[[ PROVIDED DATA open ]]

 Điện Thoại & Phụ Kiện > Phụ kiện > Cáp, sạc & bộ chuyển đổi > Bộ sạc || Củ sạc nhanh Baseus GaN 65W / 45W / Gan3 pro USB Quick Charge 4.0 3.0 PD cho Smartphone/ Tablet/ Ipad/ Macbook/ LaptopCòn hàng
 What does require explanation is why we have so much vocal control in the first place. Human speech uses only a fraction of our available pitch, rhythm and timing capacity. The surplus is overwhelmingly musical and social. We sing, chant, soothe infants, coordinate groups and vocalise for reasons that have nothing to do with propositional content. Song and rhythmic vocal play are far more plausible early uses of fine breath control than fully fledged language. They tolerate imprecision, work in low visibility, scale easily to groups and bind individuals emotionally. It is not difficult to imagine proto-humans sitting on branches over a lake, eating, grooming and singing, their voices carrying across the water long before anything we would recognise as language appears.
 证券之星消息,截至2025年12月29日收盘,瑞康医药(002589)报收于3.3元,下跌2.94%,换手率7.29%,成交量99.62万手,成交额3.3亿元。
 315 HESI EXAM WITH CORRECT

[[ PROVIDED DATA closed ]]
[[ PROVIDED DATA open ]]

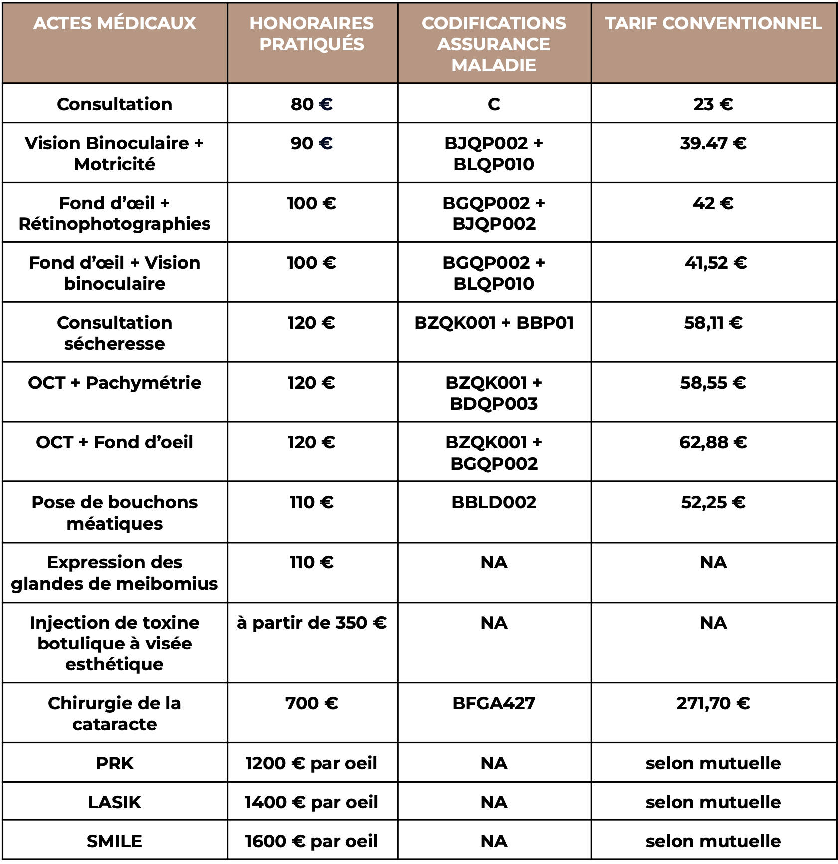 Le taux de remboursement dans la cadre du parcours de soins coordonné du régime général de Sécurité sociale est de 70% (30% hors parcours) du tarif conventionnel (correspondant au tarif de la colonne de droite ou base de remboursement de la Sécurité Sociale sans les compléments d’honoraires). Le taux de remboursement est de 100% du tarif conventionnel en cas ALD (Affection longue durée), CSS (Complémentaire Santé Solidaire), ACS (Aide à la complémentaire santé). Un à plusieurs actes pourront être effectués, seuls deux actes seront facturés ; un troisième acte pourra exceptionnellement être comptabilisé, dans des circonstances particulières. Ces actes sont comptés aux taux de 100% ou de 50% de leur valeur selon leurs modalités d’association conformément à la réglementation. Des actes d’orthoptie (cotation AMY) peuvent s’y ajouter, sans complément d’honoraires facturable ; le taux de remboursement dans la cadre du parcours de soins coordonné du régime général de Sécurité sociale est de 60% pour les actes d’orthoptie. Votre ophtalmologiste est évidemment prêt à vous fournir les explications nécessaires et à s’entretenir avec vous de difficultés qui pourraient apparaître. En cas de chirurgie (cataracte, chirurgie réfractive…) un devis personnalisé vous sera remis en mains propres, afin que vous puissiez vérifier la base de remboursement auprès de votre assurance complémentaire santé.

[[ PROVIDED DATA closed ]]

■ TASK ITEM
Extract exactly and only the lines above from the line containing "Điện Thoại &" through the line containing "315 HESI EXAM WITH CORRECT", both end lines included.

■ TASK RESPONSE
 Điện Thoại & Phụ Kiện > Phụ kiện > Cáp, sạc & bộ chuyển đổi > Bộ sạc || Củ sạc nhanh Baseus GaN 65W / 45W / Gan3 pro USB Quick Charge 4.0 3.0 PD cho Smartphone/ Tablet/ Ipad/ Macbook/ LaptopCòn hàng
 What does require explanation is why we have so much vocal control in the first place. Human speech uses only a fraction of our available pitch, rhythm and timing capacity. The surplus is overwhelmingly musical and social. We sing, chant, soothe infants, coordinate groups and vocalise for reasons that have nothing to do with propositional content. Song and rhythmic vocal play are far more plausible early uses of fine breath control than fully fledged language. They tolerate imprecision, work in low visibility, scale easily to groups and bind individuals emotionally. It is not difficult to imagine proto-humans sitting on branches over a lake, eating, grooming and singing, their voices carrying across the water long before anything we would recognise as language appears.
 证券之星消息,截至2025年12月29日收盘,瑞康医药(002589)报收于3.3元,下跌2.94%,换手率7.29%,成交量99.62万手,成交额3.3亿元。
 315 HESI EXAM WITH CORRECT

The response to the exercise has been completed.